Replaced windows ($2000 each),
Are you serious? Two thousand dollars EACH window? Does this property have multiple massive picture windows maybe?
vinyl flooring planks (not glued down),
This sounds to me like one of those "floating floors" consisting of 4-6 foot planks/strips that fit together tongue-n-groove. I see this most in common areas (living/dining rooms) and occasionally the kitchen.
carpet (tacked in place - not glued down),
I take that as the standard wall-to-wall carpeting installed with "nail grabber sticks" which are nailed into the hard floor base.
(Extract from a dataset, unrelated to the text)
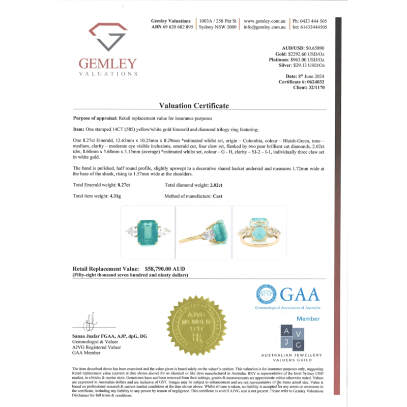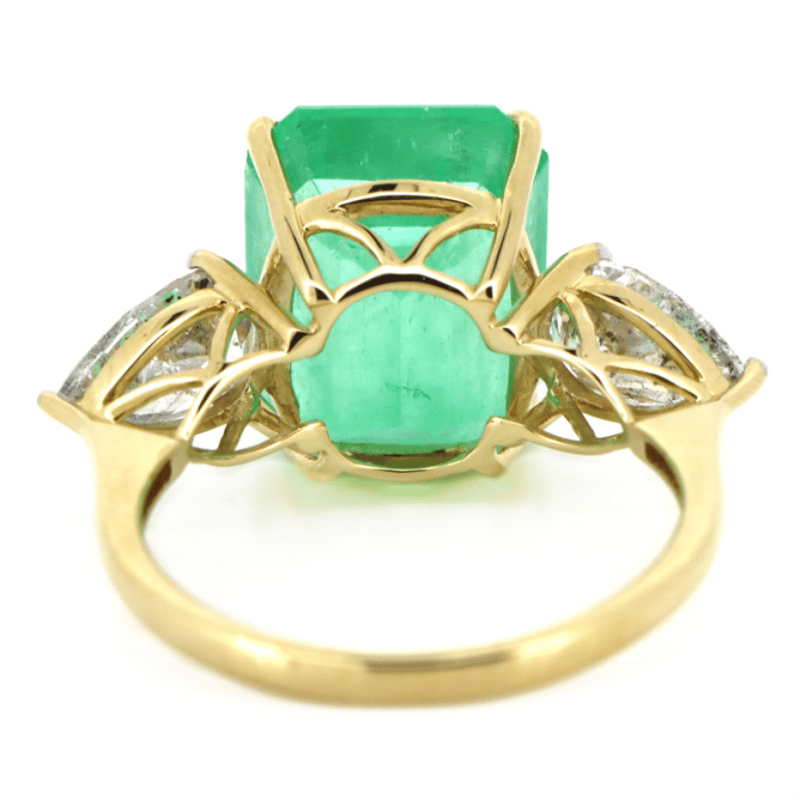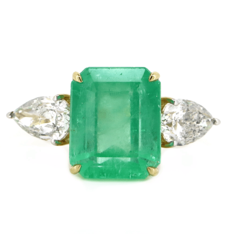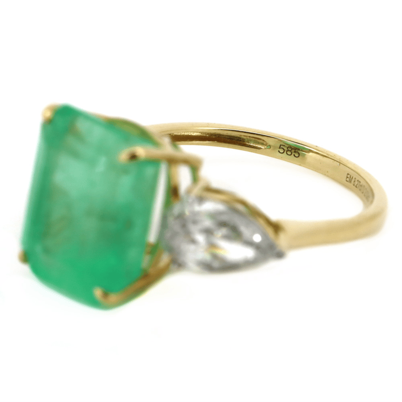 14K YELLOW GOLD, 8.27CT COLOMBIAN EMERALD AND DIAMOND, TRILOGY RING. THE CENTRE FEATURES, ONE EMERALD CUT, MEDIUM BLUISH-GREEN, COLOMBIAN EMERALD (8.27CT, MODERATE EYE VISIBLE INCLUSIONS), 4 CLAW SET. ACCOMPANYING THE DESIGN ARE, 2 PEAR BRILLIANT CUT, DIAMONDS (2.02CT TDW, G-H COLOUR, SI2-I2 CLARITY), INDIVIDUALLY 3 CLAW SET, IN WHITE GOLD. RING SIZE O 1/2.

All three of the above are property inprovements with no question, and they do qualify for safe harbor election if the requirements outlined in the final regulation referenced by @Anonymous_
curtains, llight shades,
These are not property improvements. They are expenses and are deductible as such. If it's replacements for what was there before it can be classified as a repair expense. Otherwise, you can call it maintenance expenses, or more appropritately miscellaneous expense. What you classify it as has no impact and causes no change on the tax front through. An expense is an expense is an expense....
Television,
This would be an asset classified as an appliance and depreciated over 5 years. But I doubt you would put one in a rental that costs more than $2,500. So it would make sense to expense it under safe harbor.
Heater,
LIke one of those portable room heaters I presume? If so, that too would be an asset classified as an appliance and depreciated over 5 years. Again, I'm sure there's no way you're putting one in a rental that costs more than $2,500. So expensing it under safe harbor makes sense.
Vent fans
Assuming these are fans that have to be installed and wired into existing duct work by a professional, they become "a physical part of" the structure. Normally, they'd be classified as residential rental real estate (if installed in such property) and depreciated over 27.5 years. But if the cost is less than $2,500 each (and the invoice indicates that) then it makes sense to expense it via safe harbor. Now at one time things were interpreted as saying that if it becomes "a material part of" the property, then regardless of cost, it had to be depreciated. While the IRS has not completely establish total clarity on that yet that I can find, the interpretation of the "final regulations" allows it now. ( or doesn't disallow it, however one looks at it.)
The important thing to keep in mind here, is that those items you elect to expense under safe harbor can not be added to your cost basis of the property at any time, ever.